§ **DIRECTIONS FOR THIS TASK**
In the entries below, find the line with "SEM micrographs for" and the line with "本次培训采取理论教学与实操演"; copy them and every line between them exactly, but not the pictures.

§ **SUPPLIED DATA**
Content starts
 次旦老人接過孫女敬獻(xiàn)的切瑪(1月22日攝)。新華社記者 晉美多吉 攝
Content ends
Content starts
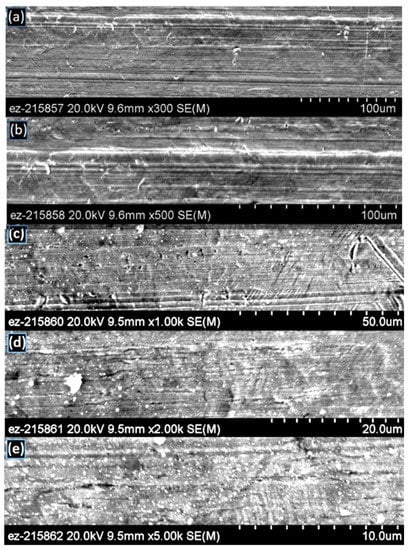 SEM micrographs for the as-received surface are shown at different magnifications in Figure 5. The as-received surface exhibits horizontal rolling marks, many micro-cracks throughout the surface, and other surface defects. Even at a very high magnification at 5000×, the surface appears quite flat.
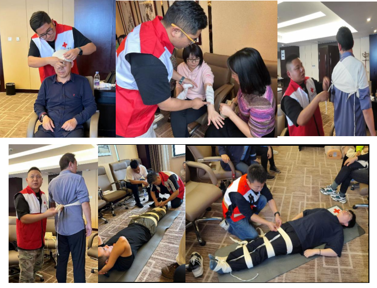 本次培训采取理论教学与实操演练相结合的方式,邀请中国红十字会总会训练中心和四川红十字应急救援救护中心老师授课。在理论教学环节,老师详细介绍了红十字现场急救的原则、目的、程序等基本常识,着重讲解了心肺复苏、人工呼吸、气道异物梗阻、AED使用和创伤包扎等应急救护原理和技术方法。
Content ends
Content starts
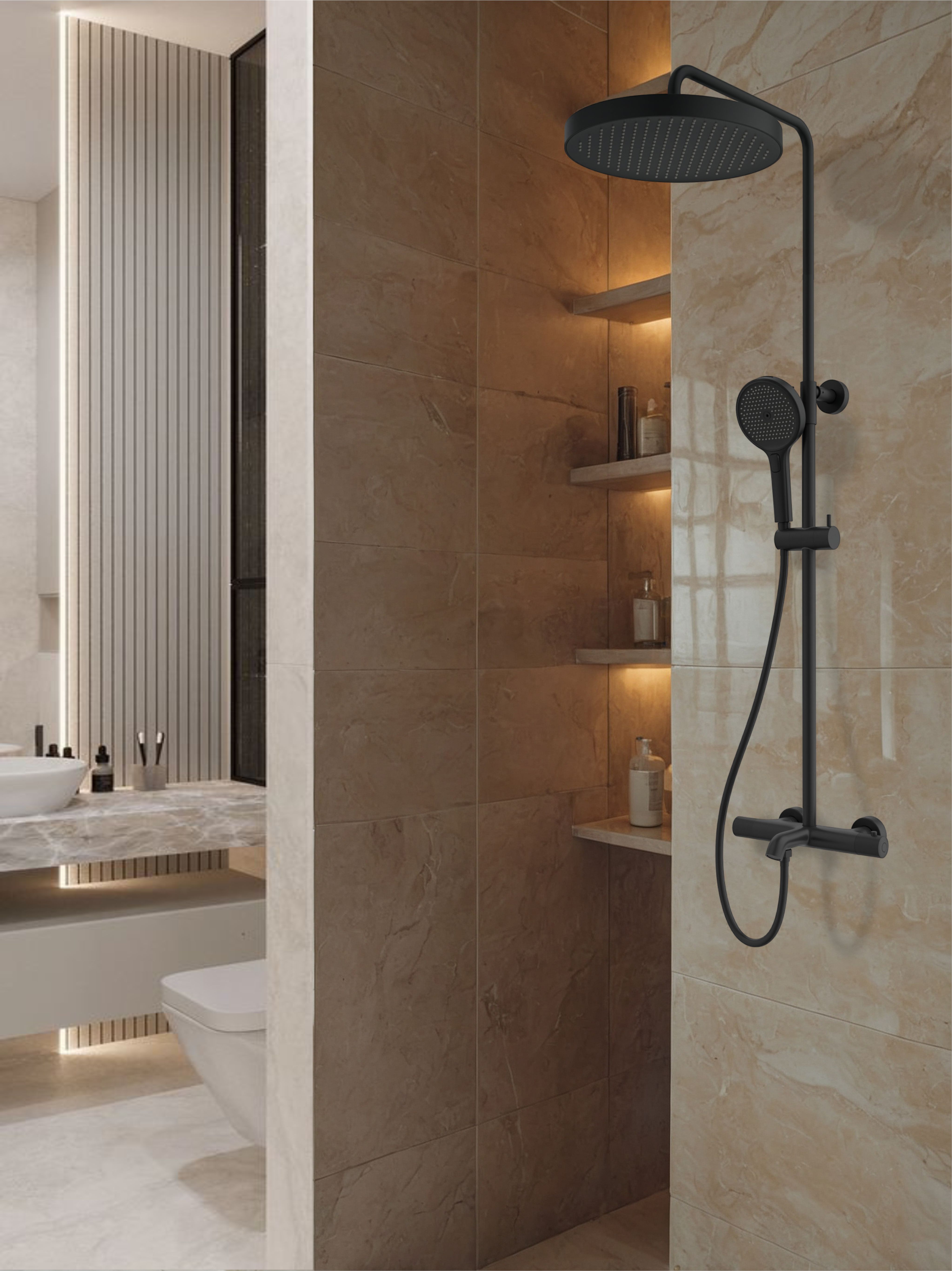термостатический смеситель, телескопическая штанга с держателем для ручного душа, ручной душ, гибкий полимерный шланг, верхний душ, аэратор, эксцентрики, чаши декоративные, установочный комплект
Content ends
§ **RESPONSE TO THE EXERCISE**
 SEM micrographs for the as-received surface are shown at different magnifications in Figure 5. The as-received surface exhibits horizontal rolling marks, many micro-cracks throughout the surface, and other surface defects. Even at a very high magnification at 5000×, the surface appears quite flat.
 本次培训采取理论教学与实操演练相结合的方式,邀请中国红十字会总会训练中心和四川红十字应急救援救护中心老师授课。在理论教学环节,老师详细介绍了红十字现场急救的原则、目的、程序等基本常识,着重讲解了心肺复苏、人工呼吸、气道异物梗阻、AED使用和创伤包扎等应急救护原理和技术方法。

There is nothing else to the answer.